Specifically, when a thread is locked and the lock object supports biased locking, the Java virtual machine uses CAS to record the address of the current thread in the tag field of the lock object and sets the last three digits of the tag field to 101.
During the rest of the run, whenever a thread requests the lock, the Java virtual machine only needs to determine whether the last three digits of the lock object flag field are 101, whether the current thread’s address is included, and whether the epoch value is the same as the epoch value of the lock object’s class. If so, the current thread holds the bias lock and can return directly.
What is the epoch value here?
Let’s start with the undo bias lock. When the thread requesting the lock and the thread address held by the lock object marker field do not match (and the epoch value is equal, if not, then the current thread can bias the lock to itself), the Java virtual machine needs to revoke the bias lock. This undo process is cumbersome, requiring the thread holding the bias lock to reach a safe point and then replace the bias lock with a lightweight lock.
If one kind of lock object to the total number of undo exceeded a threshold (corresponding to the Java virtual machine parameters – XX: BiasedLockingBulkRebiasThreshold, the default is 20), then the Java virtual opportunities announced the biased locking failure of a class.
The idea is to maintain an epoch value in each class, which you can think of as the generation bias lock. When bias locking is set, the Java virtual machine needs to copy the EPOCH value into the tag field of the lock object.
When declaring a class’s biased lock invalid, the Java virtual machine increments the epoch value of the class to indicate that the biased lock of the previous generation is invalid. A new bias lock requires a copy of the new EPOCH value.
To ensure that a thread currently holding a biased lock does not lose the lock, the Java virtual machine needs to traverse the Java stack of all threads, find instances of that class that have been locked, and increment the epoch value in their tag field by one. This operation requires all threads to be in the safe point state.
If the total number of undo than another threshold (corresponding to the Java virtual machine parameters – XX: BiasedLockingBulkRevokeThreshold, the default value is 40), then the Java virtual opportunity to think this class is no longer suitable for biased locking. At this point, the Java virtual machine unlocks the biased lock of the class instance and sets the lightweight lock directly for the class instance during subsequent locking.
conclusion
This paper introduces the implementation of synchronized keyword in Java virtual machine. According to the cost from high to low, it can be divided into three types: heavyweight lock, lightweight lock and biased lock.

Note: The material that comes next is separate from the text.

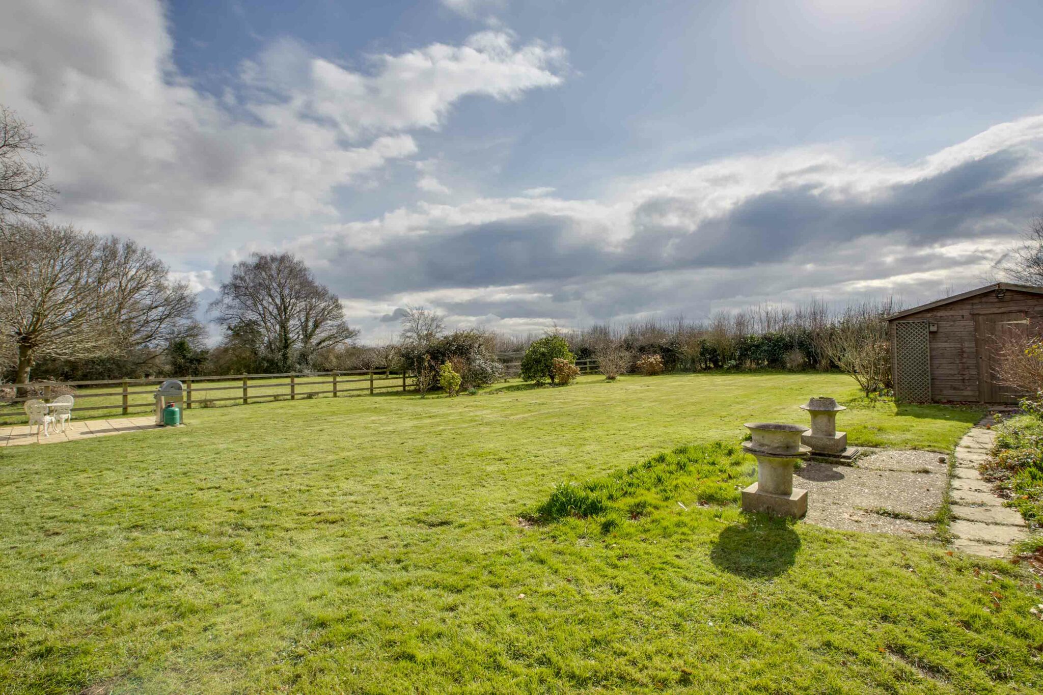 The generous rear garden is south facing with a large paved terrace across the rear and wide expanse of lawn. There is a large timber garden shed and store.

Heavyweight locks block and wake up the thread requesting the lock. It works when multiple threads are competing for the same lock. The Java virtual machine adopts adaptive spin to prevent threads from blocking and waking up in the face of very small blocks of synchronized code.
Lightweight lock uses CAS operation to replace the marker field of the lock object with a pointer pointing to a space on the current thread stack where the original marker field of the lock object is stored. It applies to the case where multiple threads apply for the same lock at different times.
Biased locking only takes the CAS operation on the first request, recording the address of the current thread in the tag field of the lock object. Later in the run, the lock operation of the thread holding the bias lock is returned directly. It works when the lock is only held by the same thread.
As a practical part of this article, we verify an anecdotal claim that calling Object.hashcode () closes biased locks on this Object.
You can use parameters – XX: + PrintBiasedLockingStatistics to print the number of all kinds of locks. Because of C2 use is another parameter – XX: + PrintPreciseBiasedLockingStatistics, so you can limit the Java virtual machine only use C1 to instantaneous compiling (corresponding parameters – XX: TieredStopAtLevel = 1).